ARTICLE 15.  QUORUM FOR ALL ACTIONS IN THE ARTICLES OF INCORPORATION.  The presence at the meeting of the members entitled to cast or proxies entitled to cast, one-third of the votes of the membership shall constitute a quorum for any action governed by the Articles of Incorporation.

ARTICLE 16.  DEDICATION OF PROPERTIES OR TRANSFER OF FUNCTION TO PUBLIC AGENCY OR UTILITY.  The Corporation shall have the power to dispose of its real properties only as authorized under the recorded Covenants and Restrictions applicable to said properties.

            ARTICLE 17.  DISSOLUTION.  The Corporation may be dissolved only with the assent given in writing and signed by the members entitled to cast two-thirds of its membership votes.  Written notice of a proposal to dissolve, setting forth the reasons thereof and the disposition to be made of the assets (which shall be consistent with Article 18 hereof) shall be mailed to every member at least ninety (90) days in advance of any action taken.

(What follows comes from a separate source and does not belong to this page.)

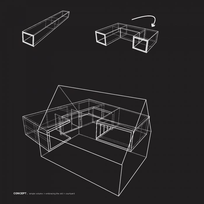 Haus+ negotiates between the opposite architectural aspirations of the clients by forming an interesting contrast between Old and New with its unique, yet strangely familiar form generated by the light-hearted sensitivity to materiality and sense of place.

            ARTICLE 18.  DISPOSITION OF ASSETS UPON DISSOLUTION.  Upon dissolution of the Corporation, the assets, both real and personal of the Corporation, shall be dedicated to an appropriate public agency or utility to be devoted to the purposes as nearly practicable the same as those to which they were required to be devoted by the Corporation.  In the event that such dedication is refused acceptance, such assets shall be granted, conveyed and assigned to any Non-Profit Corporation, Association, trust or other organization devoted to the purposes as nearly practicable the same as those which they were required to be devoted by the Corporation.  No such disposition of THE VILLAGE OF HOLIDAY LAKE OF CHARLOTTE COUNTY PROPERTY OWNERS’ ASSOCIATION, INC. properties shall be effective to divest or diminish any right or title to any member vested in him under the recorded Covenants and deeds applicable to The Properties unless made in accordance with the provisions of such Covenants and deeds.

 

            AMENDED AND RESTATED IN WITNESS WHEREOF, the undersigned have executed these ARTICLES OF INCORPORATION at 7500 Loris Court, Port Charlotte, Florida for the uses and purposes aforesaid this 21st day of March 2008

 

______________________________    President

Paul Dow

 

______________________________    Secretary

Mariann Bond

 

STATE OF FLORIDA

COUNTY OF CHARLOTTE

 

               I hereby certify that on the  , this instrument was executed by Paul Dow, President and Mariann Bond, Secretary, of the VILLAGE OF HOLIDAY LAKE OF CHARLOTTE COUNTY PROPERTY OWNERS ASSOCIATION, INC., both of whom is  personally known to me.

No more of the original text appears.